People have rights. WE are sovereign. Governments have powers that are granted by the people. We brought this government into existence. We make it work for us. That’s the proper power structure of a democratic republic. And all artificial entities that are neither individual human beings nor government agencies of any kind are endowed with privileges as defined by the representatives that we, the people, empowered to define those privileges. The distinctive difference between rights, powers and privileges is that rights are unalienable (except by constitutional amendment) while powers and privileges are definable and revokable in law. Rights belong to individuals. Powers and privileges are extensions of those individual rights that we grant to institutions in the name of logistics and efficiency in government, business and any other form of human pursuit.

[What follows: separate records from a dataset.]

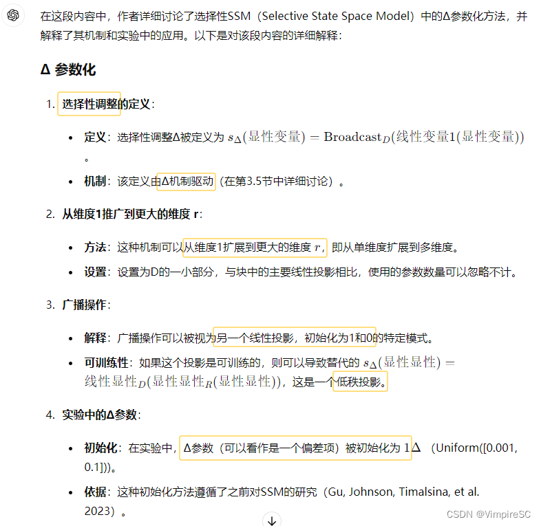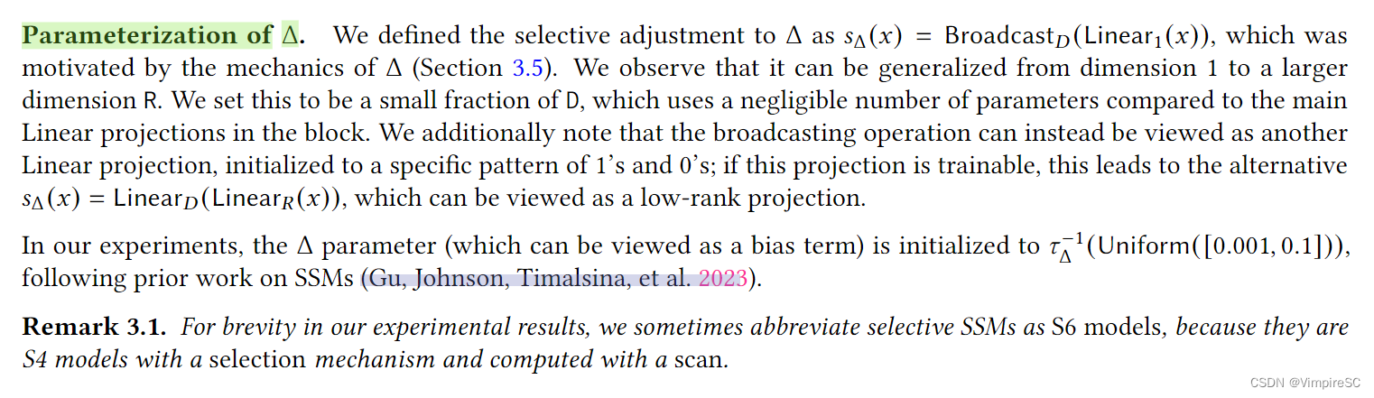详细讨论了选择性SSM(Selective State Space Model)中的Δ参数化方法,并解释了其机制和实验中的应用。
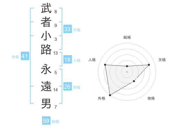 武者小路 永遠男さんを姓名の画数から五運を鑑定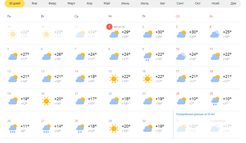 Сегодня стартовал последний месяц лета. Портал Om1 Новосибирск изучил несколько погодных ресурсов, чтобы выяснить, порадует ли август нас жарой и получится ли ещё вдоволь накупаться? На ближайшие дни Западно-Сибирский гидрометцентр обещает в Новосибирске жаркую погоду. Так, сегодня, 1 августа, столбики термометров поднимутся до +29…+31 градуса. Во второй половине дня местами ожидается небольшой дождь и грозы. В пятницу, 2 августа, температура станет чуть выше — +30…+32 градуса. Осадков при этом не ожидается. А в субботу, 3 августа, воздух прогреется уже до +31…+33 градусов. Днём возможен кратковременный дождь и гроза. Ночные температуры в оба дня составят от +17 до +20 градусов. По данным сервиса «Яндекс.Погода», 4 августа станет немного прохладнее — температура опустится до +25 градусов, а день будет пасмурным. На неделе с 5 по 11 августа температура в городе будет колебаться от +27 до +22 градусов. Затем практически две недели, с 12 по 23 августа, дневные температуры будут держаться
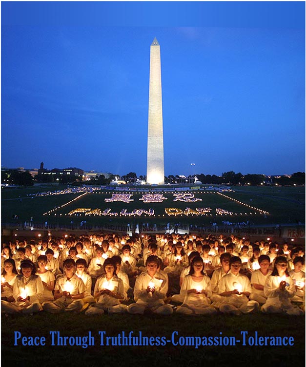 来自世界各地的法轮功学员在华盛顿烛光守夜悼念在中国大陆被迫害致死的同修 美国 2002-7-20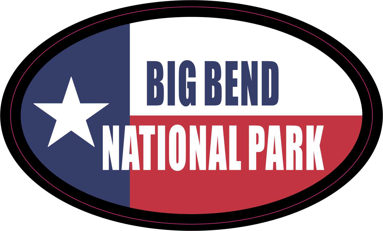 This oval-shaped sticker is approximately 4.75 inches wide by 3 inches tall when applied.  It depicts the state flag of Texas.  The words, BIG BEND, are printed in the white portion of the flag in blue letters, and the words, NATIONAL PARK, are printed in the red portion of the sticker in white letters.  A black border accents the edges of the sticker.  This quality-made product is the perfect novelty for visitors to this picturesque area!  It can be proudly displayed on luggage, vehicles, cups and tumblers, and other hard, flat surfaces.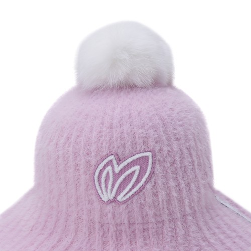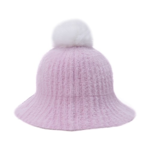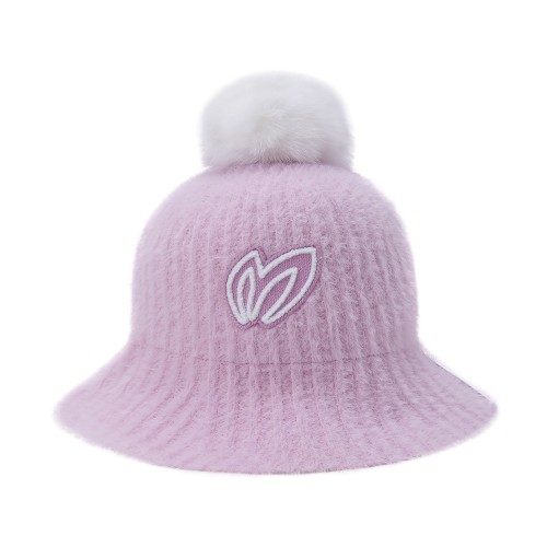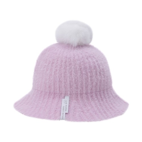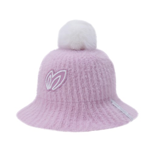 여성 퍼 방울 로고 니트 버킷햇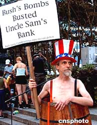 美國公民紐約街頭指責布什。一位抗議者把一只木桶套身上,舉著“布什的炸彈摧毀了山姆大叔的銀行”的抗議標語,批判布什政府發(fā)動的反恐戰(zhàn)爭。當日,共和黨大會正在紐約舉行,曼哈頓街頭隨處可見反對布什的標語。作者:趙海燕

“Freedom” and “liberty” are not the same thing. Freedom is a life free from coercion, like not being a slave or getting conscripted into the British navy. Liberty is the way we treat each other in a free country. One person’s rights end where another person’s rights begin. One person can “take the liberty” of speaking on behalf of another person, like a spouse or business partner making an executive decision solo. But raiding someone’s refrigerator without asking or deliberately misrepresenting history, or the law, or any other knowable truth, is what we describe as “taking liberties.” For instance, people who say corporations have always been considered natural people are “taking liberties” with American history and the U.S. Constitution. When we say “taking freedom,” we usually mean incarceration (or servitude). “Taking liberties” is different and a clear indication of the difference between “freedom” and “liberty.”
This isn’t a free-for-all out here. And it’s not a corporate remodel of European feudalism. It’s a federal republic, or it’s supposed to be. Our nation was founded on freedom with the Declaration of Independence. Our form of government was founded on liberty with the U.S. Constitution. One threw off tyranny. The other established the rules we would all live by. Sometimes those rules need to be changed in order to prevent one group from asserting an unethical and unjustifiable domination over the rest us. That’s how we aim to achieve a “more perfect union.” Whether that’s achievable or not, that’s the goal. We should be wary of those who wrap privileges in the false trappings of freedom in an effort to diminish our sovereign liberties.